Top of Data supplied

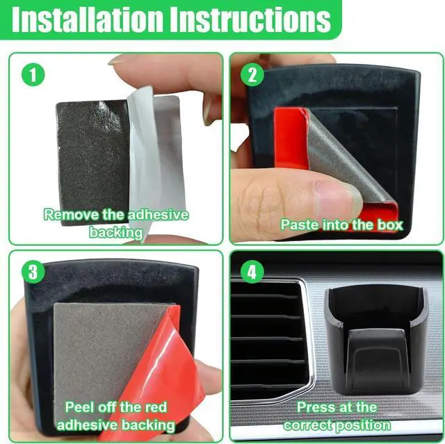 Wide Range of Uses: This car storage box has a wide range of applicability. It is not only suitable for most vehicle models but also for positions such as the front door air outlet and trunk. It is also suitable for smooth surfaces of refrigerators desks bedside tables glass wooden furniture etc.
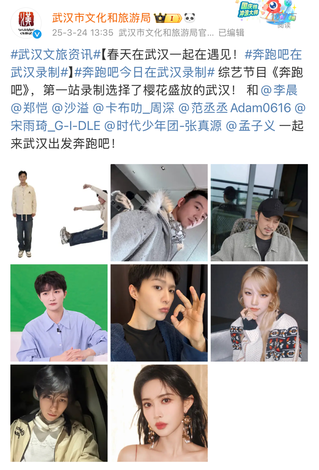 还有周传雄、张韶涵、蔡卓妍、王赫野以飞行嘉宾身份,参与《奔跑吧13》武汉场录制,敬请期待节目播出。
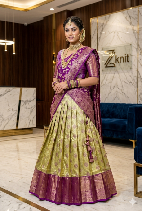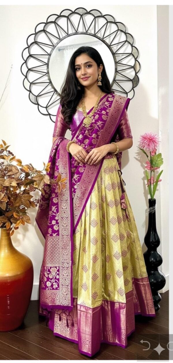 Yellow Pink Silk Lehenga Kanchi pattu Kanjeevaram Silk Lehenga
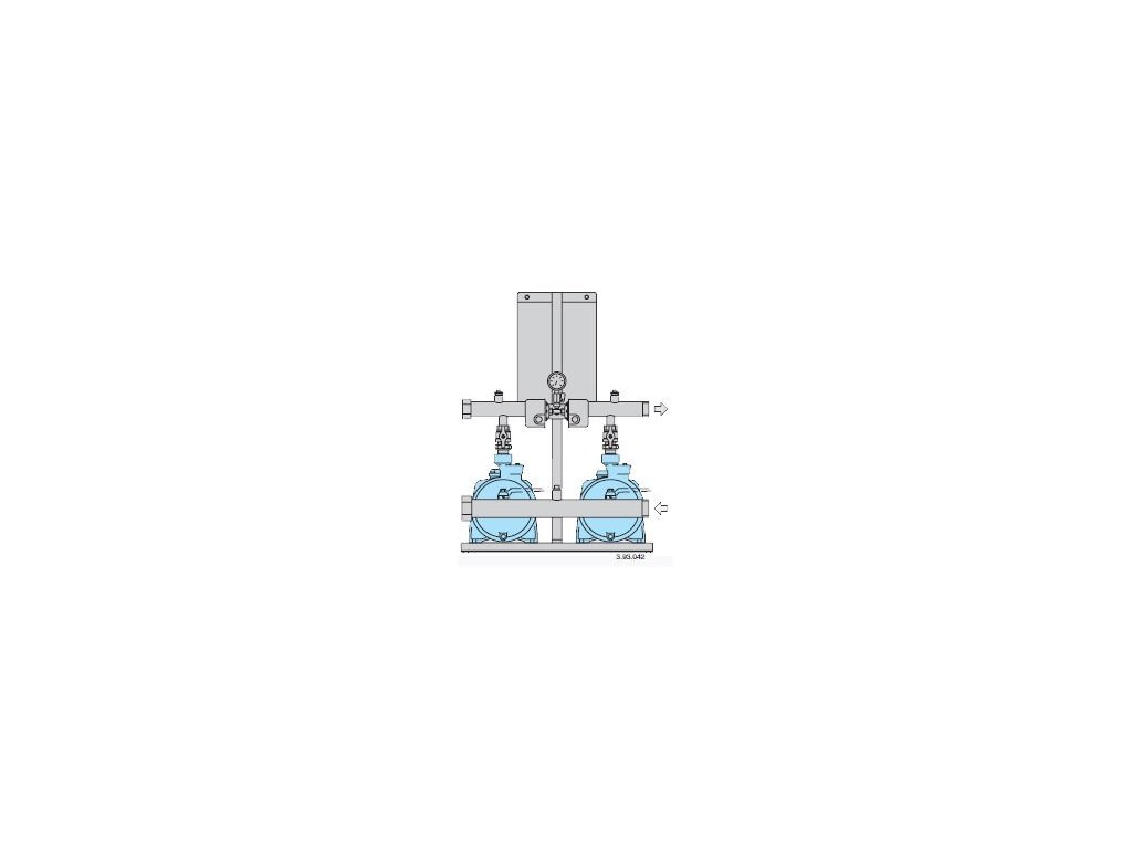 - Podle požadavků na průtok jsou čerpadla, jedno s proměnnými otáčkami a druhé s konstantními otáčkami, spouštěna tak, že zajišťují potřebné množství vody při stálém tlaku
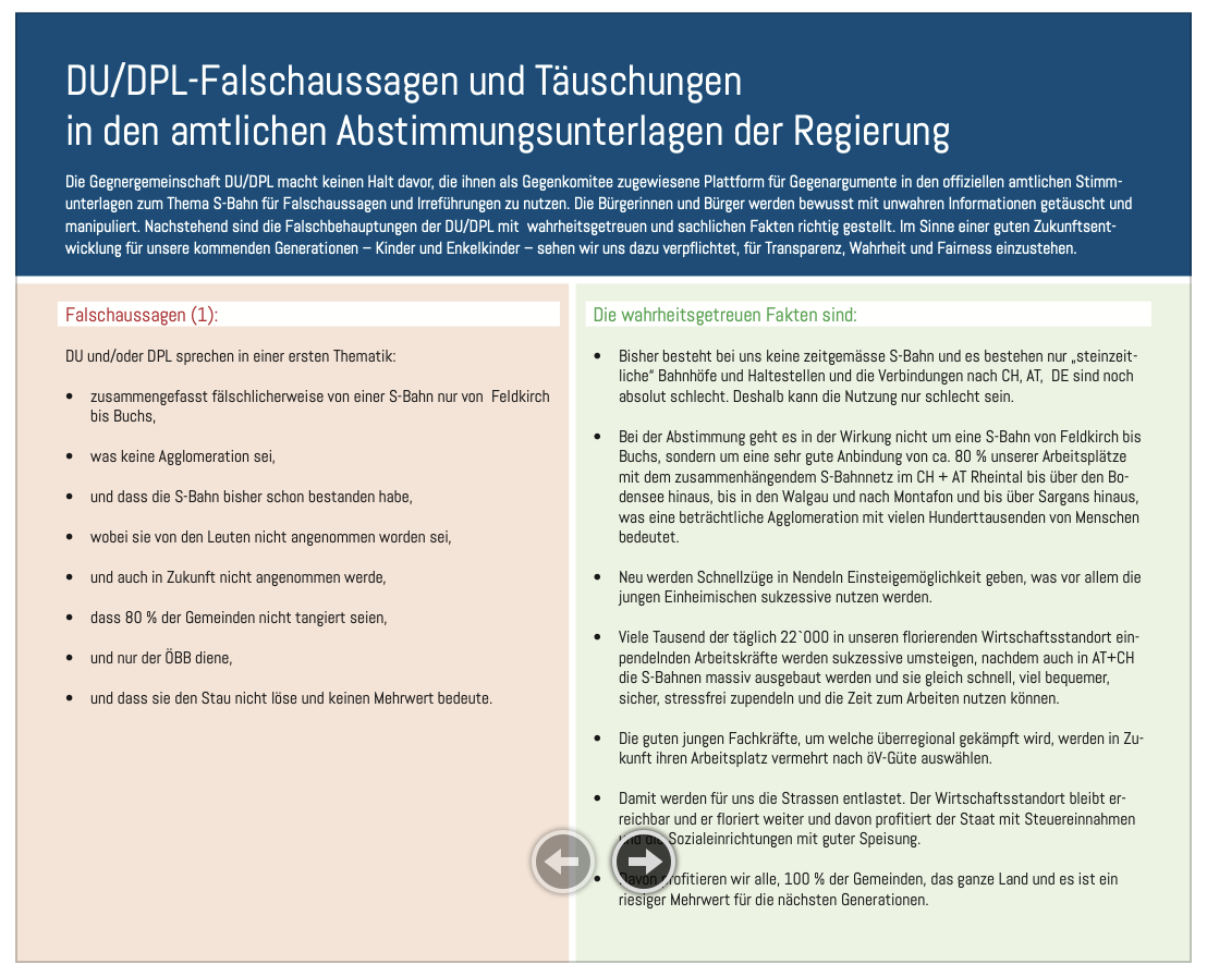 In den amtlichen Stimmunterlagen der Regierung haben die zwei Parteien DU und DPL die ihnen als Gegenkomitee zugewiesene Plattform für Gegenargumente beim Thema S-Bahn in einer noch nie dagewesenen Form ausgenutzt. Wider besseren Wissens – abseits von faktenbasierten Argumenten – werden Falschbehauptungen, Unwahrheiten und Angst verbreitet. Damit werden die Stimmbürgerinnen und Stimmbürger getäuscht und in eine falsche Richtung manipuliert. Es würde zu weit führen, in diesem Forum alle Falschaussagen, welche in den amtlichen Stimmunterlagen der Regierung von der Gegnergemeinschaft DU/DPL dargelegt werden, zu entlarven. Als Beispiel nur zu einem der groben Verstösse.
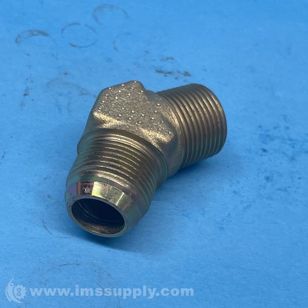 Brass street elbow fitting with threaded connections, used for changing direction of piping or tubing in industrial applications.

Bottom of Data supplied

How to complete this task:
All entries must be output unchanged, with every picture omitted.

Answer to the exercise:
 Wide Range of Uses: This car storage box has a wide range of applicability. It is not only suitable for most vehicle models but also for positions such as the front door air outlet and trunk. It is also suitable for smooth surfaces of refrigerators desks bedside tables glass wooden furniture etc.
 还有周传雄、张韶涵、蔡卓妍、王赫野以飞行嘉宾身份,参与《奔跑吧13》武汉场录制,敬请期待节目播出。
 Yellow Pink Silk Lehenga Kanchi pattu Kanjeevaram Silk Lehenga
 - Podle požadavků na průtok jsou čerpadla, jedno s proměnnými otáčkami a druhé s konstantními otáčkami, spouštěna tak, že zajišťují potřebné množství vody při stálém tlaku
 In den amtlichen Stimmunterlagen der Regierung haben die zwei Parteien DU und DPL die ihnen als Gegenkomitee zugewiesene Plattform für Gegenargumente beim Thema S-Bahn in einer noch nie dagewesenen Form ausgenutzt. Wider besseren Wissens – abseits von faktenbasierten Argumenten – werden Falschbehauptungen, Unwahrheiten und Angst verbreitet. Damit werden die Stimmbürgerinnen und Stimmbürger getäuscht und in eine falsche Richtung manipuliert. Es würde zu weit führen, in diesem Forum alle Falschaussagen, welche in den amtlichen Stimmunterlagen der Regierung von der Gegnergemeinschaft DU/DPL dargelegt werden, zu entlarven. Als Beispiel nur zu einem der groben Verstösse.
 Brass street elbow fitting with threaded connections, used for changing direction of piping or tubing in industrial applications.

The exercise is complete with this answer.